Labaki seems engaged with a series of set pieces that don't fit together very well and sometimes are oddly conceived from the start. The opening, a hillside parade of black-cressed Muslim and Christian women who dance their way across the landsape, declares that the preceedings are not meant to be realistic. Then a busy scene introuding the town's generally comical or boorish men sets another tone, perhaps drawn from Egyptian movies. Later, a traveling group of far from classical female Russian dancers comes to town, stuck when their bus breaks down. For a while they seem like they might be the film's motor or subject, but they just sort of blend in, underused. Later still comes the boy's death while on a trip with a friend. His corplse falls into his grieving mother's arms. After much weeping and wailing, the women band together to hide the arms, weave hashinsh into a bake-off of local delicacies, and try various other ruses to keep the men from killing each other again. The cemetary is already full of mostly good-looking young males sacrificed to the country's endless sectarianism. This final sequence is the occasion for several big set pieces, but when the ladies, who've deliberately reversed Muslim and Christian insignias, the Muslims donning crosses and the Christians headscarves, stop in the cemetary with the boy's corpse and say, Where Do We Go Now?, it makes for a somewhat baffling, abrupt finale. There's a lot of vivid local color here, but when one thinks of something like Villeneuve's Incendies this just seems a travesty on Lebanon's tragic history offering no solution to its deep problems. On the other hand, the sincerity and ambition of the effort deserve credit, and the film is full of women's empowerment symbolism that will appeal to female audiences of various cultures.

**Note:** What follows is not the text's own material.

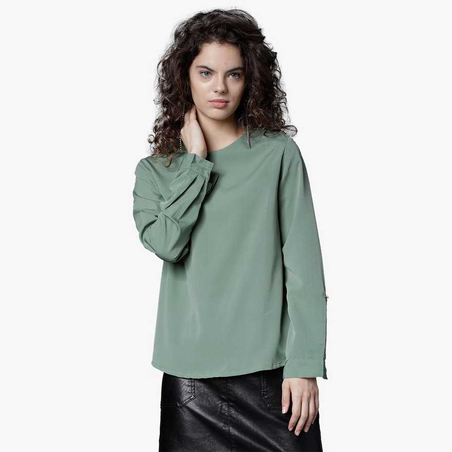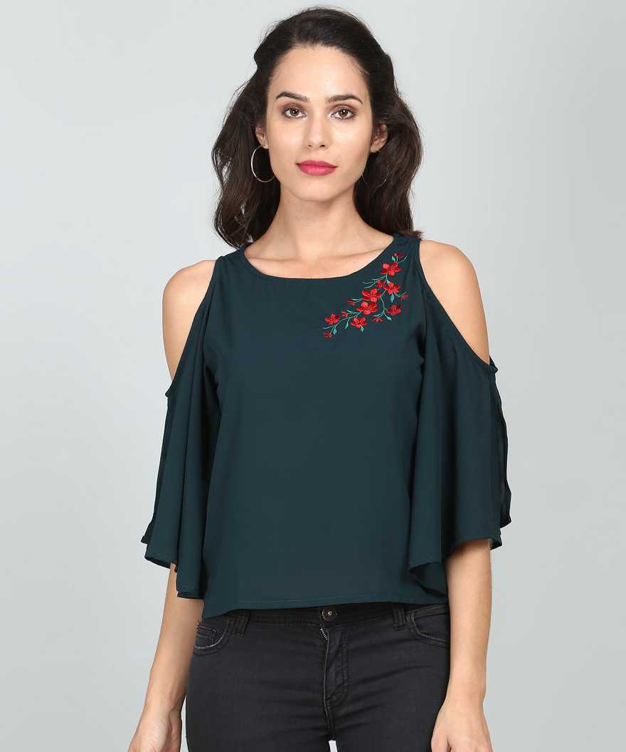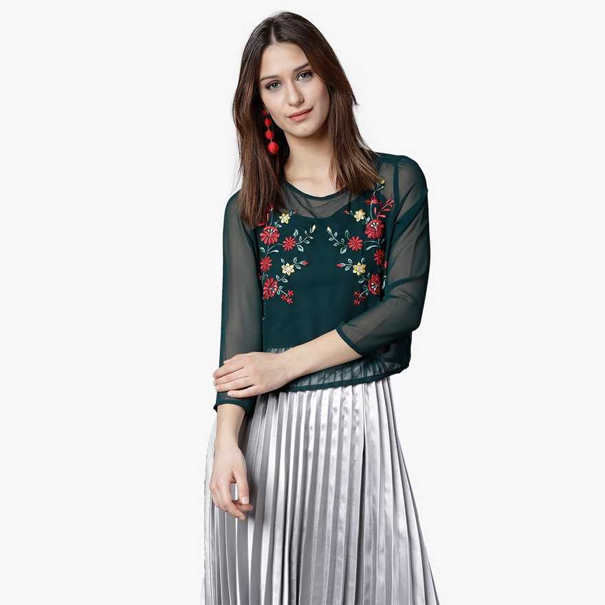 Casual Full Sleeve Embroidered Women Dark Green Top

Et maintenant on va ou? Opened September 14, 2011 and was showing a month later at a dozen Paris cinemas and was watched for this review on October 26, 2011 at MK2 Hautefeuille. According to Allociné it received good if limited reviews (3.7 from 19 critics), but Cahiers du Cinéma said the film's onlyl merit was replying frankly to its title's question, "Right into a wall."Les Inrockuptibles kindly said it was "a feel-good movie in the best and least cynical sense of the term."

Alissa Simon's Variety review provides fuller details of cast and credits.